Als ich mir heute überlegte, wie die Debatte verlaufen könnte, hatte ich die Hoffnung, dass es keine reine Energiedebatte werden möge. Der Antrag ist auch nicht in diese Richtung gestellt. Es begann auch ganz in dieser Hoffnung, die ich hatte. Aber es glitt immer mehr in eine, wie wir sie
schon mehrfach hatten, relativ abstrakte Strom- und Energiedebatte ab. Das war zumindest nicht
meine Absicht. Aber man weiß ja nie, wenn es beginnt, wohin man sich dann in seinem Redefluss
begibt.
Von daher ist meine Hoffnung für diese Debatte nicht aufgegangen, denn ich hätte mir gewünscht,
dass nicht allgemein über Strompreise, wie das zustande gekommen ist und wie sich das demnächst verändern könnte, diskutiert würde, sondern wirklich einmal darüber, wie die Menschen
am Einkommensrand unserer Gesellschaft damit zurechtkommen und wie wir ihnen solidarisch
helfen müssen. Das war unsere vordergründige Absicht. Nur bei Frau Herrmann konnte ich zumindest erkennen, dass sie in diese Richtung mitgedacht hat. Selbst Herr Krauß, der sich immer so als
der soziale Sachwalter der CDU aufschwingt, war plötzlich zum Umwelttheoretiker
aufgestiegen. Hört, hört!
Ich denke, meine sehr verehrten Damen und Herren, es war eine Debatte, wie man sie hier schon
mehrfach hatte. Meine Hoffnung über die Wirkungen, die das Ganze besonders auf Menschen mit
niedrigem Einkommen hätte, ist nicht aufgegangen. Wir werden das Problem aber, auch wenn wir
uns nicht intensiv damit befassen, nicht verdrängen können. Sie können unsere Vorschläge ablehnen. Ich bin der Letzte, der der Auffassung ist, dass sie schon in jeder Hinsicht vollkommen sind.

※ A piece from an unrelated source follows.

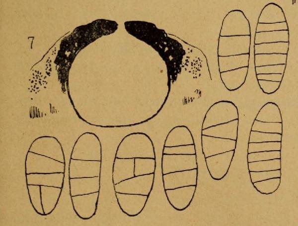 Description: Thallus crustose, thinly episubstratic, grey-brown, rimose or rimose-areolate near the perithecia, the areoles – when present - up to 0.4 mm wide, smooth, acutely angular, separated by thin fissures. Cortex up to 12 μm thick, brown and paraplectenchymatous in upper part, the cells c. 4 x 2 μm; algal layer c. 50 μm thick, inspersed with rock granules; medulla poorly developed, colourless or patchily brownish in lower part. Perithecia black, 0.3-0.4 mm across, semi immersed in 0.4-0.6 mm wide, convex thalline warts, projecting with the up to 0.2 mm wide, at first concave, then flattened upper part. Involucrellum carbonaceous, up to 60 μm thick, dimidiate, appressed to exciple; exciple up to 0.3 mm across, up to 25 μm thick in lower part, colourless except in the periostiolar area; hamathecium of 25 μm long periphysoids, interascal filaments absent; hymenial gel hemiamyloid, I+ red (I+ blue at very low concentrations of I), K/I+ blue. Asci 8-spored, clavate, K/I–, fissitunicate, the wall thickened above, with an ocular chamber, dehiscent by extrusion of an endotunica to form a delicate rostrum, 90-35 x 27-35 μm. Ascospores 3-7 transversally septate, rarely weakly submuriform with a single longitudinal septum., hyaline, oblong-ellipsoid to oblong-ovoid, 35-50 x 16-20 μm. Photobiont chlorococcoid. Spot tests: K-, C-, KC-, P-, UV-. Chemistry: without lichen substances.Note: a species which deserves further study, known only from the type collection from Saltino near Vallombrosa, at c. 1000 m, on siliceous rocks.

Wir betreten auch hier Neuland. Aber was ich wenigstens von der Koalition erwarte, ist, dass sie
außer der Kritik an unseren Vorschlägen irgendwann einmal eigene Vorschläge bringen möge. Das
war nicht allgemein dahergeredet, wer verantwortlich ist für die Strompreiserhöhung und, und,
und. Das wissen wir alles.
Ich will wissen - genauso wie die Menschen in unserem Land -, wie das sozial abgefedert werden
kann; und genau das leisten Sie nicht.
Vielleicht hilft es Ihnen - ich weiß nicht, Herr Präsident, ob das geschäftsordnungsmäßig möglich
ist -; aber vielleicht können wir über die acht Punkte einzeln abstimmen, dann hätten Sie die
Chance, das noch ein bisschen zu üben.